ServiceCommunication__DetectionConcurrencyLimit=1
ServiceCommunication__RedactionConcurrencyLimit=4
| Setting | Default | Description |
|---|---|---|
DetectionConcurrencyLimit | 1 | Maximum detection jobs processed concurrently by this Worker instance. |
RedactionConcurrencyLimit | 4 | Maximum redaction jobs processed concurrently by this Worker instance. |
Inference
The Worker runs a semantic detection model for context-aware entity recognition. The Inference section tunes the inference runtime and the chunking behavior.

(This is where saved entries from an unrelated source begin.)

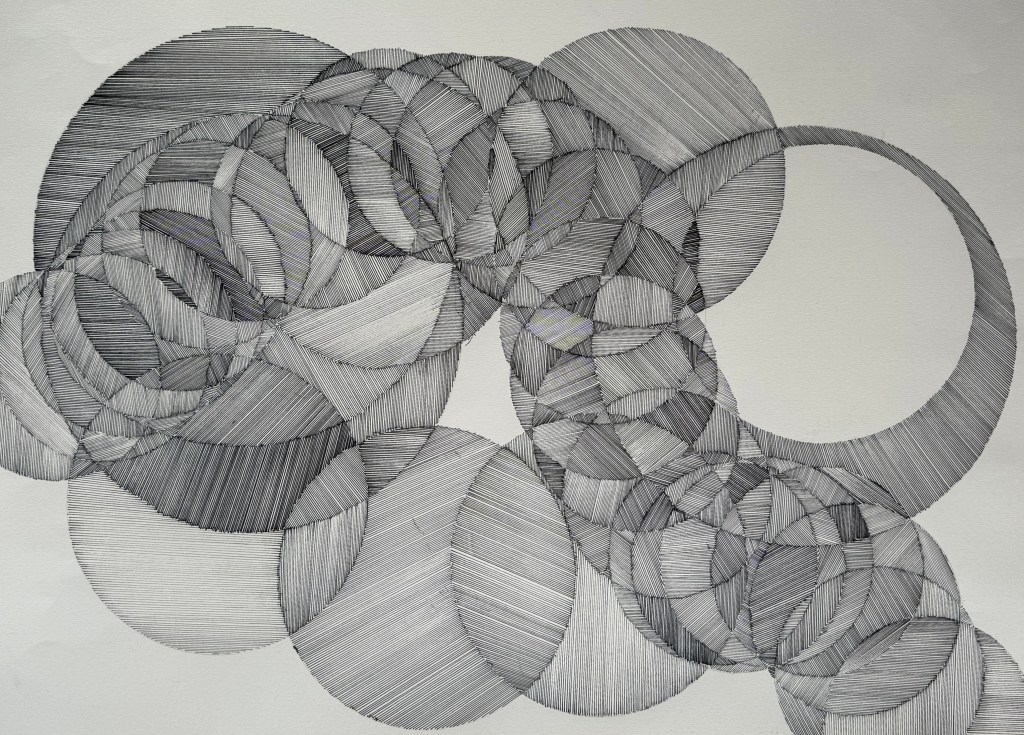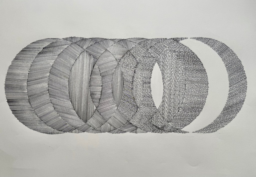 And then the wheels fell off, when I realised that I hadn’t thought about using different widths of pen, but keeping the lines in the same direction. I used a series of overlapping circles and filled in the sections within each circle in the same direction.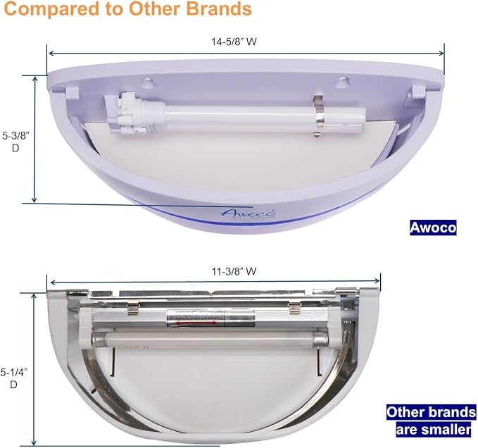 - [1 Year USA Limited Warranty on Fly Trap] - LED bulb is consumable depending on power condition which is a 3 months warranty. If the lightbulb fails within 3 months, contact us for a free LED bulb replacement limited to USA only. Awoco has LED bulbs and glue boards available. Lamp Overall Dimensions: 14-5/8"W x 5-3/8"D x 7-5/8"H. Glue Board Dimensions: 12-1/4" x 4-1/4".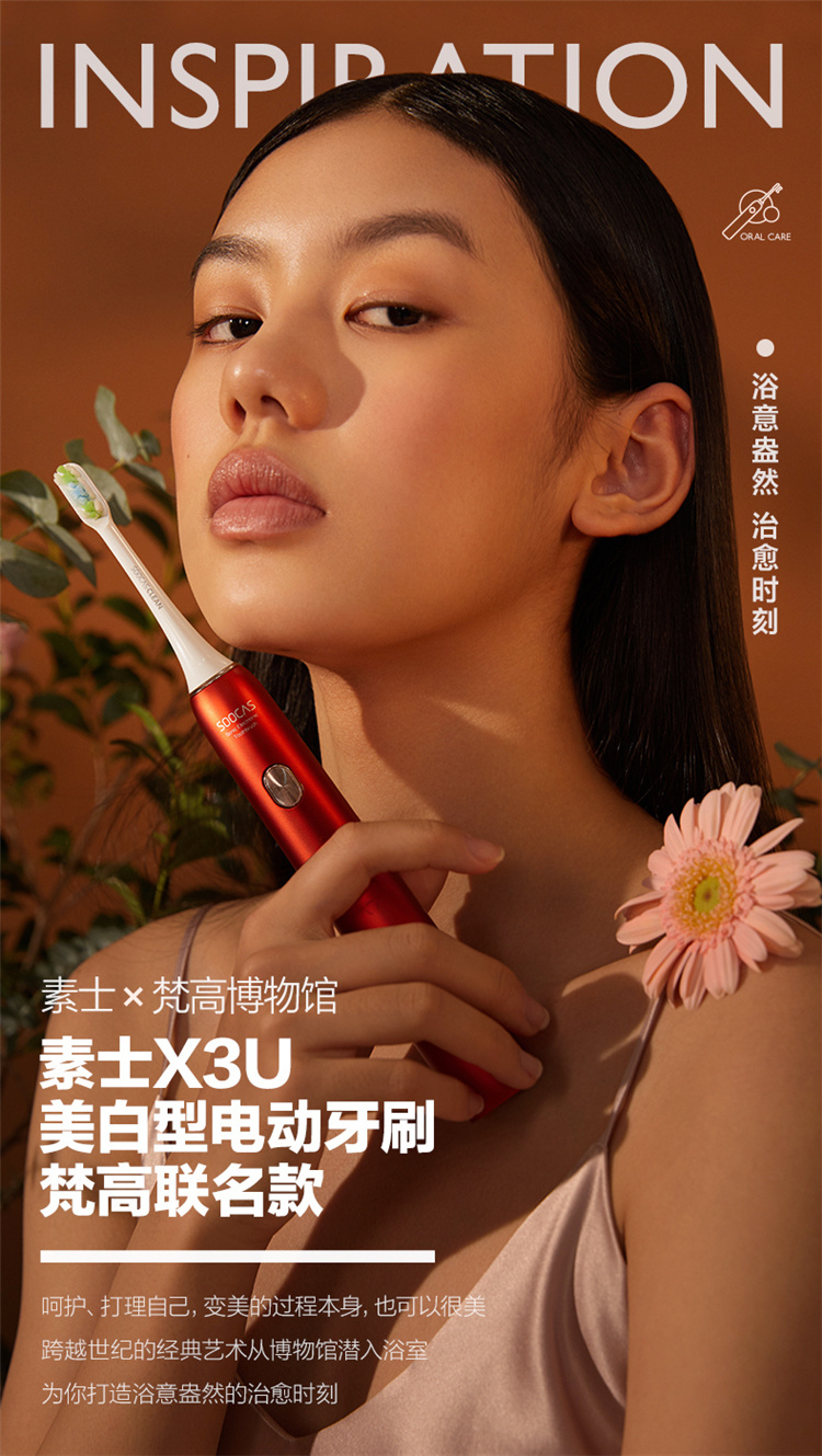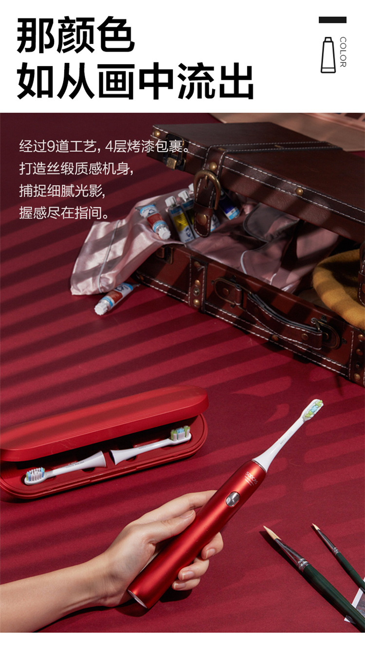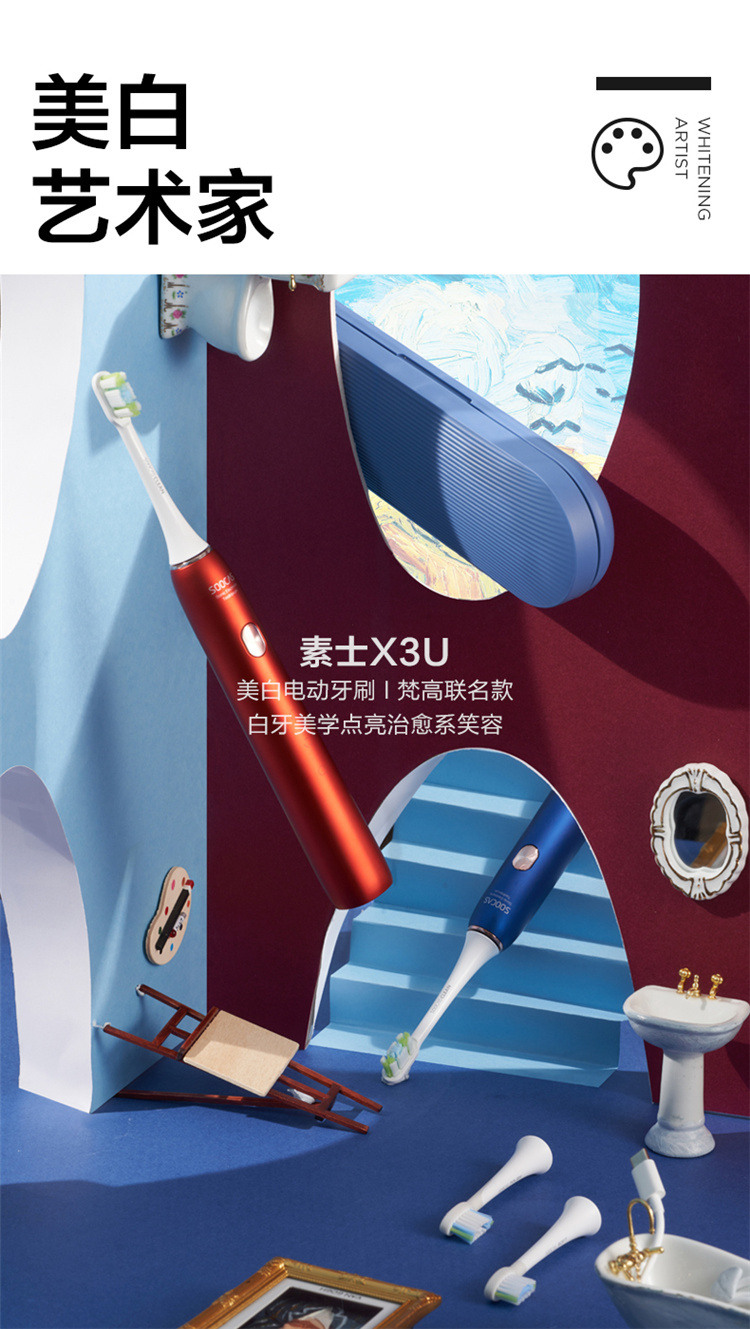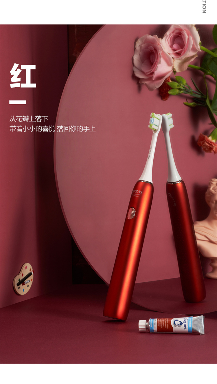 【4周高效美白牙齿】梵高定制联名款声波电动牙刷3种刷头,4种模式,无铜植毛工艺,39600次/分钟震动,手感好(X3U) 梵高红

Inference__ExecutionProvider=Auto
Inference__GpuDeviceId=0
Inference__CpuUtilizationPercentage=80
Inference__GraphOptimizationLevel=All
Inference__ExecutionMode=Parallel
Inference__BatchSize=1
Inference__MaxChunkSize=256
Hardware
| Setting | Default | Description |
|---|---|---|
ExecutionProvider | Auto | Auto uses GPU when running the -cuda Worker image, otherwise CPU. Cpu forces CPU inference. |
GpuDeviceId | 0 | Index of the GPU to use when ExecutionProvider resolves to a GPU. |
CpuUtilizationPercentage | 80 | Percentage of available CPU cores the runtime uses for inference. Range 1–100. |
Runtime
| Setting | Default | Description |
|---|---|---|
GraphOptimizationLevel | All | Graph optimization level: DisableAll, Basic, Extended, or All. |
ExecutionMode | Parallel | Sequential or Parallel. |
BatchSize | 1 | Number of text chunks sent to the model per inference call. Range 1–100; values outside the range are clamped. Higher values increase throughput at the cost of memory. |
Chunking
Long text is split into chunks before inference.

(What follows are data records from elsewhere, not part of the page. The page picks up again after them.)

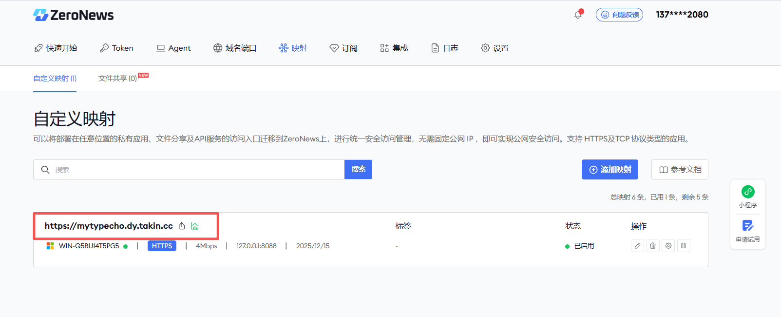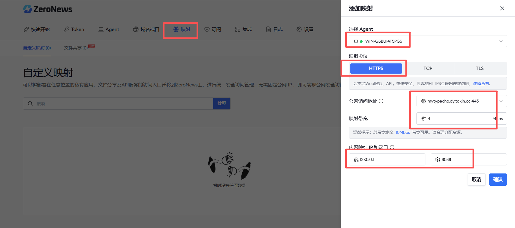 三、 创建 ZeroNews 映射服务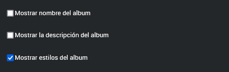 Opciones disponibles para los estilos del álbum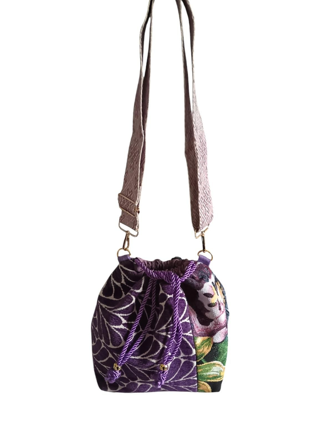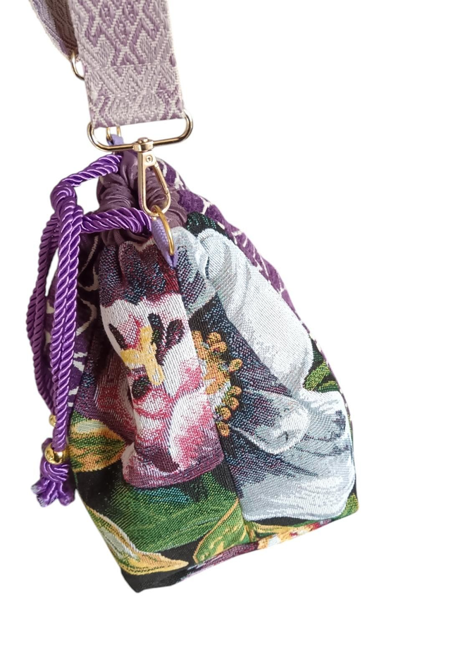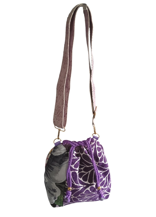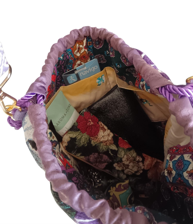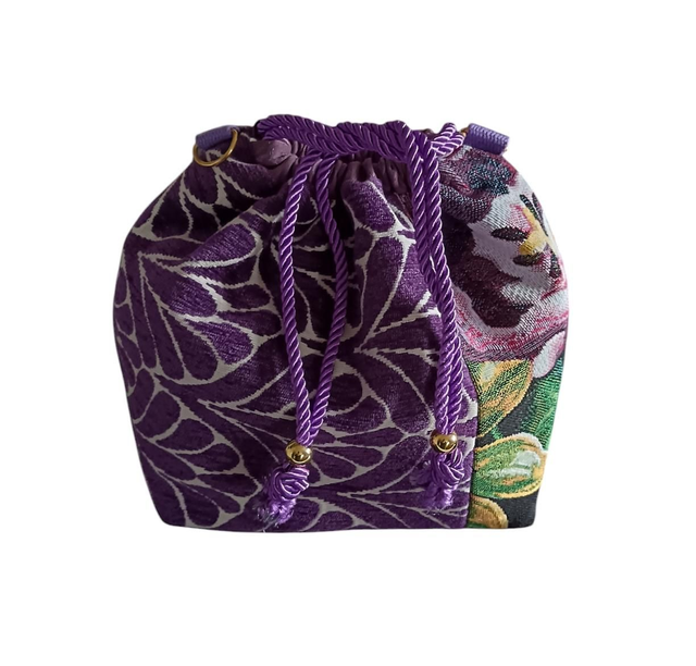 Sac bourse réalisé dans un mélange de deux toiles tapissier, un jacquard Gobelin à grosse fleurs et un jacquard velours violet et blanc.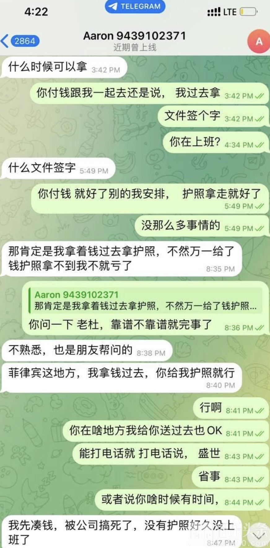 伯乐头条专讯:陕西籍华人王衡,在菲律宾曼达卢永工作多年,代号“南极星”。他曾与公司有过节,而最近通过私人关系请求受害人拿回被扣押的护照,原本约定支付20万披索赎回。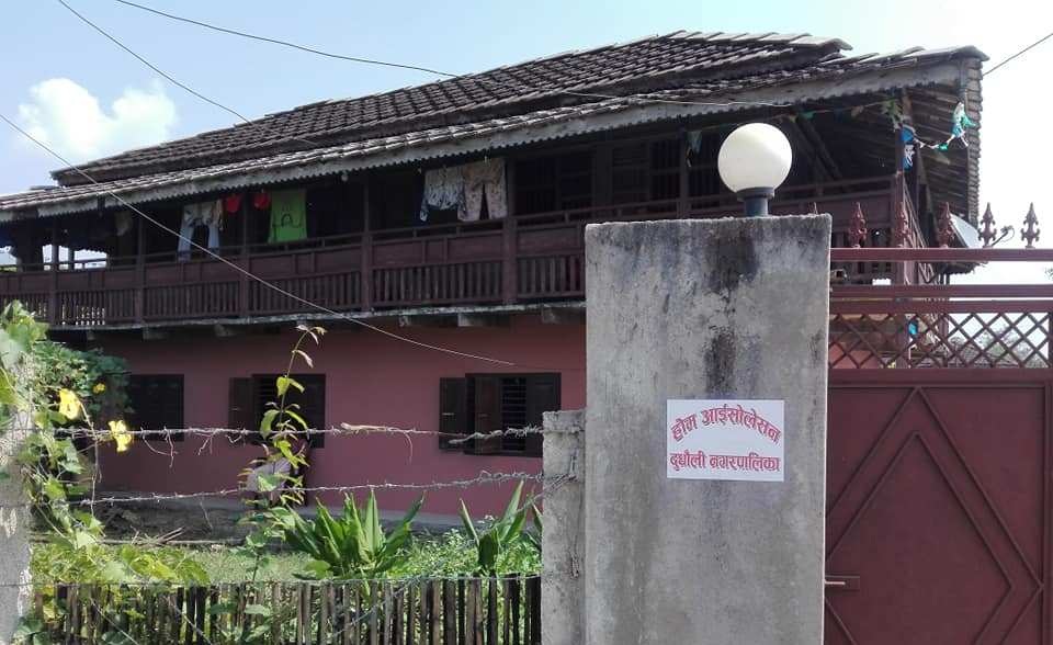 दुधौली नगरपालिकाले चार दिनअघि देखा परेका कोरोनाका २७ जना बिरामीको घरमा होम आईसोलेसन लेखिएको रातो स्टिकर टाँस्न सुरु गरेको छ । सङक्रमितको पहिचान, सङक्रमण न्युनिकरण गर्न र दशैं तथा अघिपछि पाहुना लाग्ने काम परेर भेट्न घरमा पुग्ने प्रवृत्तिलाइ रातो स्टिकरले निरुत्साहित गर्ने नगरपालिकाका मेयर घनश्याम राउतले बताए ।

| Setting | Default | Description |
|---|---|---|
MaxChunkSize | 256 | Maximum tokens per chunk. Higher values give the model more context; lower values reduce per-chunk latency. Clamped to MaxLength if set higher. |
MaxLength | 512 | Hard upper bound on input length in tokens supported by the model. Don’t increase beyond what the configured model accepts. |
MaxWidth | 12 | Maximum span width in words for a single detected entity. |
Web server
WebServer__PortNumber=4885
| Setting | Default | Description |
|---|---|---|
PortNumber | 4885 | TCP port the Worker listens on. The Manager calls this port only when ServiceCommunicationType is Rest. |
MaxFileSizeBytes | null (no limit) | Maximum allowed body size on Worker endpoints. The Worker doesn’t accept user uploads, so the limit is normally left unset. |
MaxConcurrentConnections | 1000 | Maximum concurrent connections accepted by Kestrel. |
The remaining Kestrel limits (RequestHeadersTimeout, KeepAliveTimeout, MinRequestBodyDataRateBytesPerSecond, MinRequestBodyDataRateGracePeriod) accept the same values as on the Manager. Refer to Web server on the Manager configuration page.
Logging
Application logs are written to the console and, optionally, to a file. The fields are top-level (no section prefix).
LogFilePath=./logs/smart-redact-worker-log.txt
LogRetentionDays=7
| Setting | Default | Description |
|---|---|---|
LogFilePath | — | Path of the rolling-daily log file inside the container. Leave empty to disable file logging. |
LogRetentionDays | 7 | Number of days log files are retained on disk. |
The minimum log level isn’t a separate setting. It’s derived from the standard ASPNETCORE_ENVIRONMENT environment variable: when set to Development, the service emits Debug-level logs in a developer-friendly console format; any other value (the default) emits Information-level logs in JSON. Use Development only for local diagnostics.